Jakarta (ANTARA News) - Ketua Lembaga Kajian Agama dan Jender (LKAJ) Prof Siti Musdah Mulia menilai kaum perempuan rentan terpapar ideologi radikal terorisme, bahkan mereka itu dijadikan pelaku aksi teror.
"Karena memang untuk kesetiaan dan patuh pada suami maka kaum perempuan itu memang sangat bisa diandalkan. Apalagi kalau sudah memakai doktrin atau ideologi agama, maka perempuan itu bisa langsung patuh," kata Musdah di Jakarta, Jumat.
Menurut dia, perempuan yang sudah terpengaruh ajaran terorisme jauh lebih sulit untuk disadarkan dibandingkan dengan laki-laki karena masalah loyalitas dan ketaatan itu ada pada jati diri perempuan itu sendiri.
"Kalau perempuan itu sudah taat maka sampai mati mereka akan sulit untuk berubah, bahkan bisa dikatakan lebih nekat. Beda dengan kaum laki-laki yang masih bisa atau mudah dirayu untuk berubah," ujarnya.
Oleh karena itu, kata dia, tidak mengherankan apabila kelompok teroris di seluruh dunia kini lebih banyak menjadikan perempuan sebagai martir untuk aksi bom bunuh diri, termasuk yang berhasil digagalkan aparat keamanan di Bekasi beberapa waktu lalu.
Untuk mencegah agar kaum perempuan tidak mudah terpapar paham radikal, Sekretaris Jenderal Indonesian Conference on Religion and Peace (ICRP) ini meminta pemerintah bersikap tegas untuk tidak membiarkan sekecil apa pun ideologi yang berbau radikal.
"Kalau pemerintah tidak tegas maka perempuan akan menjadi korban.
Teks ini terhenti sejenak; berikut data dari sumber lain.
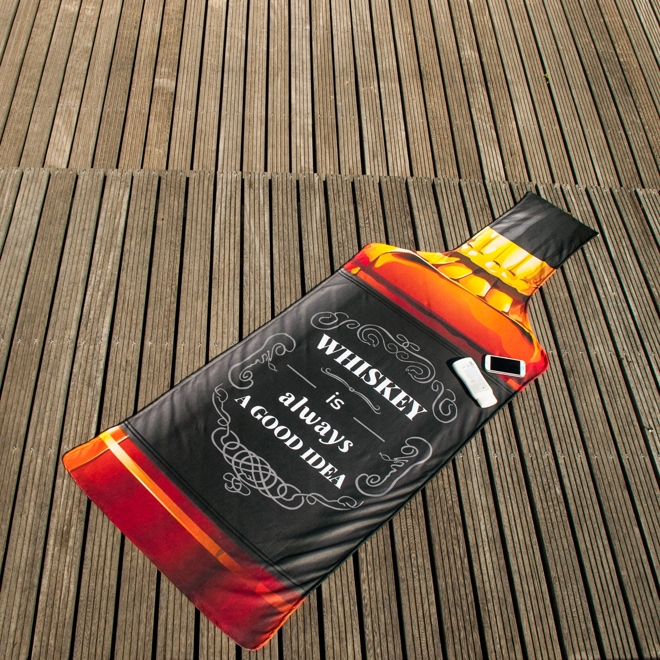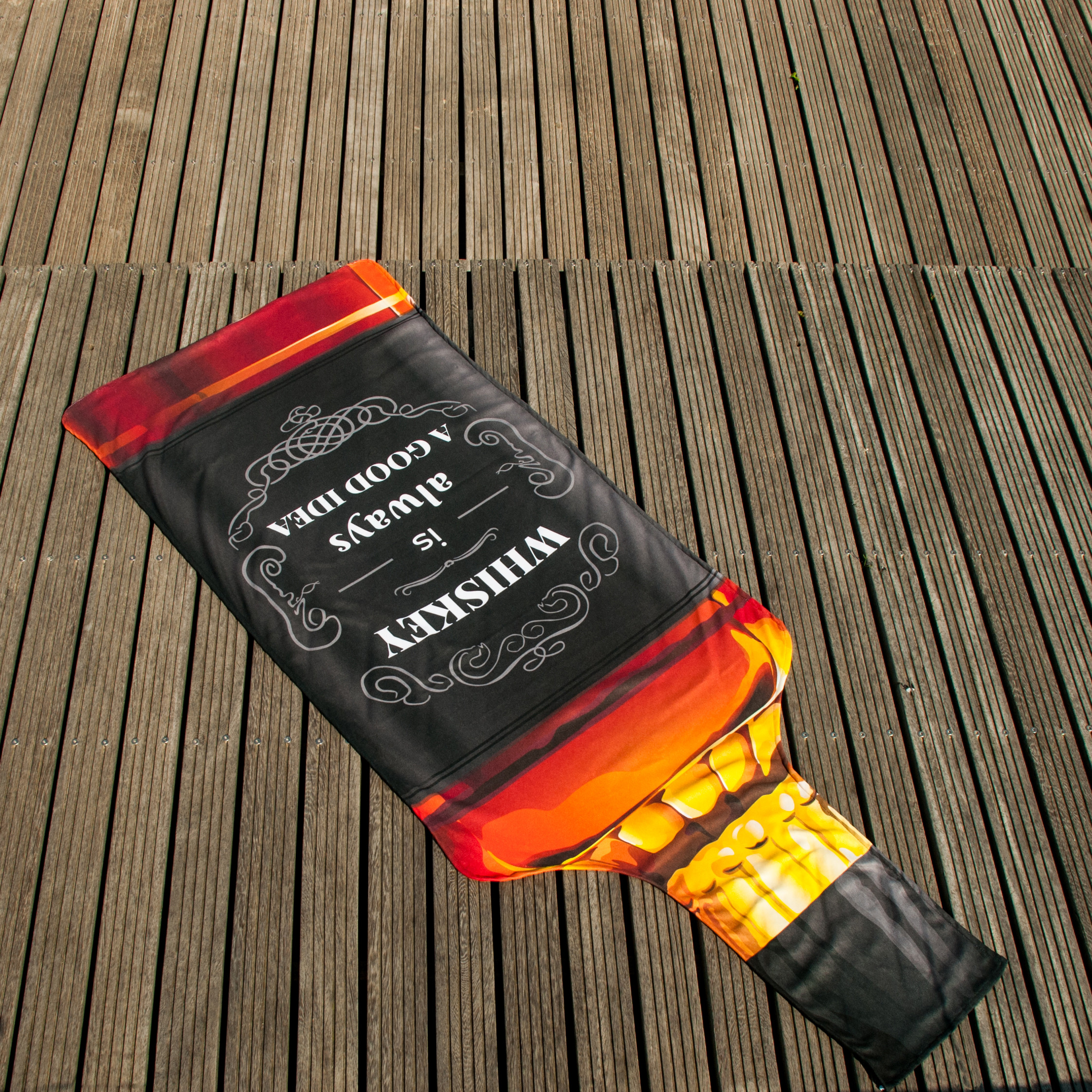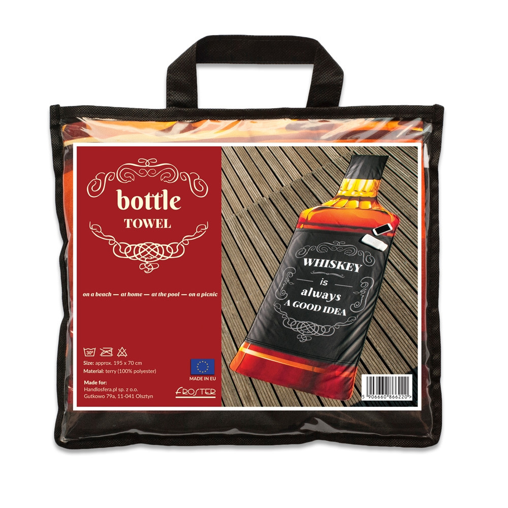 Brisača v obliki steklenice viskija je zabavna in izvirna brisača za na plažo, ki bo zagotovo pritegnila pozornost vseh na obali.

Meski perempuan itu adalah pelaku bom, tapi pada hakikatnya dia adalah korban. Korban ideologi yang dicekokkan oleh suaminya, keluarga, atau masyarakat di sekeliling mereka," kata dia.
Selain itu, lanjut dia, pemerintah juga harus bisa menyelesaikan masalah-masalah keadilan sosial yang terjadi di masyarakat. Ketimpangan ekonomi harus dijembatani karena ketimpangan ini menjadi pembenaran bagi kelompok-kelompok radikal.
Menurut Musdah, para anggota kelompok radikal yang pernah ditemuinya di sejumlah lembaga pemasyarakatan selalu mengatakan bahwa korupsi yang terjadi selama ini akibat dasar negara Pancasila atau gara-gara sistem demokrasi.
"Kelompok tersebut selalu bilang makanya harus diganti menjadi negara Islam. Dan tentunya ini sangat membahayakan kalau dibiarjkan terjadi karena mengganti ideologi negara itu merupakan impian kelompok teroris tersebut," ujarnya.